However, due to the accessibility restrictions placed by the module system, we might need to use reflection in the tests located in a separate module. We should open the core module for tests to be able to do so. This can be done in two ways: add a directive inside our module descriptor or use the –add-opens command while executing the tests:

module com.baeldung.library.core {
    exports com.baeldung.library.core;
    opens com.baeldung.library.core to com.baeldung.library.test;
}

These changes in the module descriptor require com.baeldung.library.test on the module path all the time when we’re using com.baeldung.library.core, which isn’t convenient. A better solution to open the module when executing the tests:

--add-opens com.baeldung.library.core/com.baeldung.library.core=com.baeldung.library.test

After that, we can write our test:

package com.baeldung.library.test;
import static org.junit.jupiter.api.Assertions.assertEquals;
import com.baeldung.library.core.Book;
import com.baeldung.library.core.Library;
import java.lang.reflect.InvocationTargetException;
import java.lang.reflect.Method;
import org.junit.jupiter.api.Test;

class LibraryUnitTest {

    // ...
    @Test
    void givenTheLibraryWithABook_whenRemoveABook_thenLibraryIsEmpty()
        throws NoSuchMethodException, InvocationTargetException, IllegalAccessException {
        Library library = new Library();
        Book theLordOfTheRings = new Book("The Lord of the Rings", "J.R.R. Tolkien");
        library.addBook(theLordOfTheRings);
        Method removeBook = Library.class.getDeclaredMethod("removeBook", Book.class);
        removeBook.setAccessible(true);
        removeBook.invoke(library, theLordOfTheRings);
        int expected = 0;
        int actual = library.getBooks().size();
        assertEquals(expected, actual);
    }
    // ...
}

However, please remember that this can compromise the system’s intended modularity and introduce the risk of unintended usage of internal APIs by other modules.

4.4. Running JUnit Tests

Having application and test code in separate modules requires additional work setting the tests.

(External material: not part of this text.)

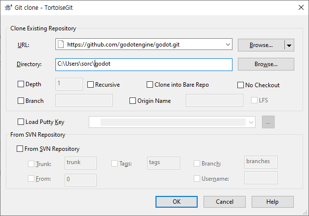 위의 그림처럼 git clone https://github.com/godotengine/godot.git을 수행하여 고도 최신 코드를 내려받는다. 만약 안정화 버전으로 작업하려면 git clone https://github.com/godotengine/godot.git -b 3.4.4-stable 처럼 지정하면 된다. 필자는 안정화 버전으로 내려받았다.(Branch 체크하고 3.4.4-stable 입력)

It’s simple, but managing all the parameters might be confusing. Let’s run our tests with org.junit.platform.console.ConsoleLauncher:

java --module-path mods \
--add-modules com.baeldung.library.test \
--add-opens com.baeldung.library.core/com.baeldung.library.core=com.baeldung.library.test \
org.junit.platform.console.ConsoleLauncher --select-class com.baeldung.library.test.LibraryUnitTest

The –module-path shows where we can find our test and core modules. However, the fact that these modules are on the module path won’t add them modules to the module resolution graph. To include it, we should use the following command:

--add-modules com.baeldung.library.test

As we discussed, the com.baeldung.library.test has no reflection access to the com.baeldung.library.core module. We can grant it through the module descriptor or directly while running the tests. In the case of tests, it’s better to do it via a command rather than a directive:

--add-opens com.baeldung.library.core/com.baeldung.library.core=com.baeldung.library.test

The last line identifies the class with the tests we want to run:

org.junit.platform.console.ConsoleLauncher --select-class com.baeldung.library.test.LibraryUnitTest

This isn’t the only way we can run the tests, and the documentation for ConsoleLauncher contains information about the flags and parameters we can use.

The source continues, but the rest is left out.